Vor allem aus dem Innenministerium kommen massive Bedenken, weil in der Landes- und Kommunalverwaltung ein „erheblicher Aufwand erzeugt“ werde. Allein die Prüfung, ob eine Auskunft verweigert werden darf und ob ihre Beantwortung mehr als 200 Euro kostet, binde viel Verwaltungskraft. Wenn Bürger von der Kommunalaufsicht wissen wollten, was in ihrer Gemeinde womöglich in einem bestimmten Fall schief gelaufen sei, hätten die kommunalen Mandatsträger keine privilegierte Stellung mehr bei Überprüfung und Kontrolle der Stadt- oder Kreisverwaltung.

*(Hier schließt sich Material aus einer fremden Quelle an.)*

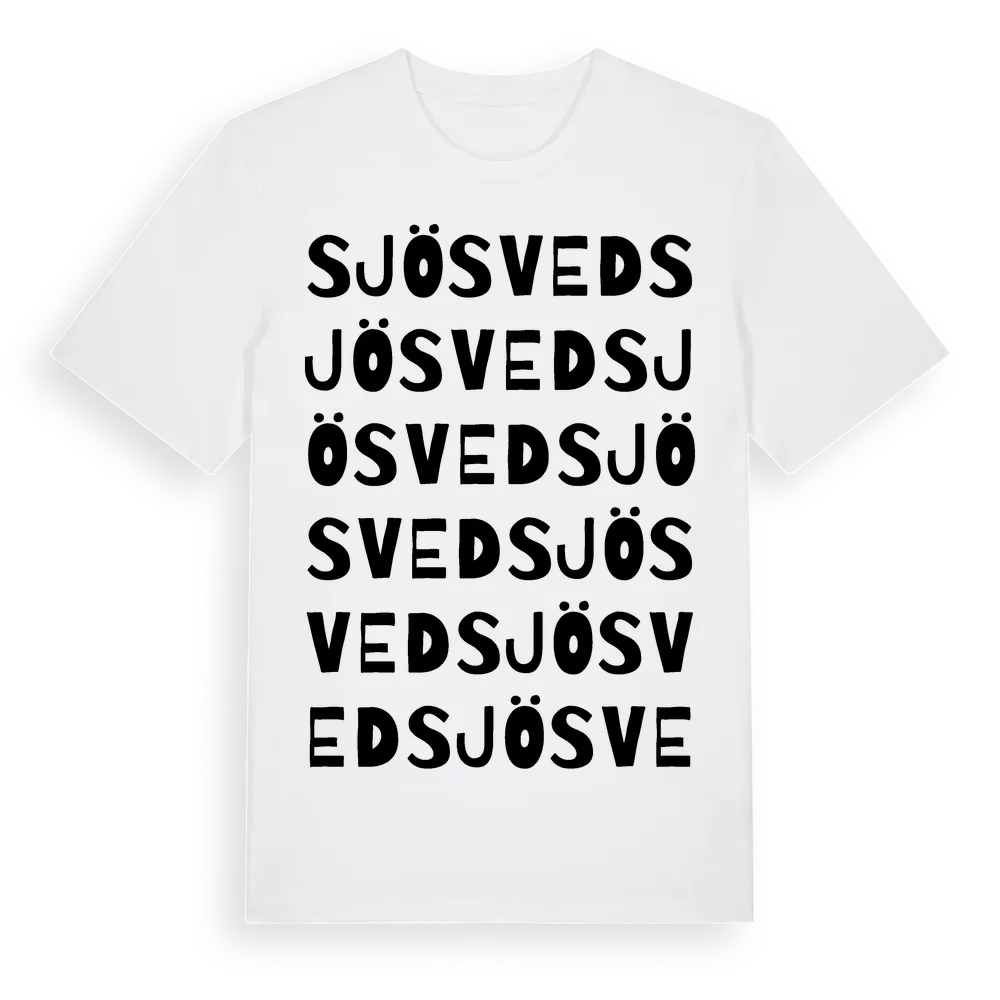 Sjösved ordlek t-shirt är inspirerad av byn Sjösved i Jämtlands län, Sverige. Tröjan är designad för dig som har en speciell koppling till platsen – oavsett om du bor här, har rötterna här eller bara älskar Sjösved.

Sollten die Behörden fast alle Unterlagen von sich aus ins Netz stellen, erfordere das hohe Investitionen etwa für ein e-Akten-System, in NRW gehe man von 148 Millionen Euro aus. Dabei seien die Nutzerzahlen dort, wo es solche Regeln schon gebe, relativ gering. Da die Kommunen eine Erstattung aller Kosten verlangen könnten und auf kommunaler Ebene schon jetzt etwa in der Bauleitplanung viel Bürgerbeteiligung herrsche, empfiehlt das Innenministerium, das neue Gesetz nicht für die Kommunen gelten zu lassen. Der Aufbau eines Informationsregisters, in dem alle Informationen gesammelt werden, solle verschoben werden. Lieber solle man vorhandene Portale verbessern und ausbauen. Außerdem wird vorgeschlagen, auch den Verfassungsschutz und die Polizei von der Informationspflicht auszunehmen. Im ersten Entwurf waren sie beide enthalten.